RCMP from Surrey and other Fraser Valley detachments are cracking down on aggressive drivers by targeting five high crash locations in a traffic blitz starting Wednesday.

About forty officers will conduct the large-scale, continuous operation in which they are watching for speeding, aggressive drivers, and prohibited drivers as well as stolen and uninsured vehicles.

Const. Dave Babineau spoke to CTV British Columbia's Maria Weisgarber.

"We're trying to cut down on the number people who are unnecessarily dying on our roads," he said. "(And) we're trying to catch those people who shouldn't be driving."

Police are starting with five hotspots today, including the intersection at 104th Avenue and 152nd Street, but will be targeting various other locations determined by traffic statistics.

"We define hotspots as high-crash locations, problem locations," Const. Babineau said. "We determine those locations through data that we've gathered in the past, where serious injury crashes have happened, along with fatalities."

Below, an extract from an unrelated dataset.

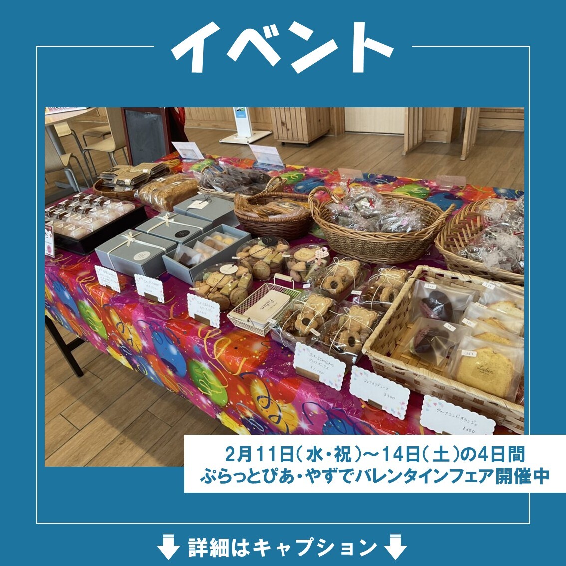 郡家駅コミュニティ施設「ぷらっとぴあ・やず」では、本日2月11日(水・祝)~14日(土)の4日間、バレンタインフェアを開催しています。 …

Members of Integrated Road Safety Units and various municipal traffic divisions will work with an automatic licence plate recognition system in video cameras mounted in police vehicles.

The camera captures images of up to 3,000 licence plates per hour and checks the plate numbers against a database of stolen or uninsured vehicles.

Police say they are not targeting Surrey for any particular reason, but various locations will be targeted in the coming months.

"All summer, some of them we'll be advertising, some we won't, so you won't know where we're going to be or when we're going to be there," Const. Babineau said.

"So the best advice I can give to the public is to drive appropriately at all times, and you'll have no worries of meeting one of our officers and maybe getting a ticket."

Last month, police began targeting high-risk intersections in an undercover operation using officers disguised as workers or pedestrians. Surrey RCMP said the program, which continues through May, is proving successful.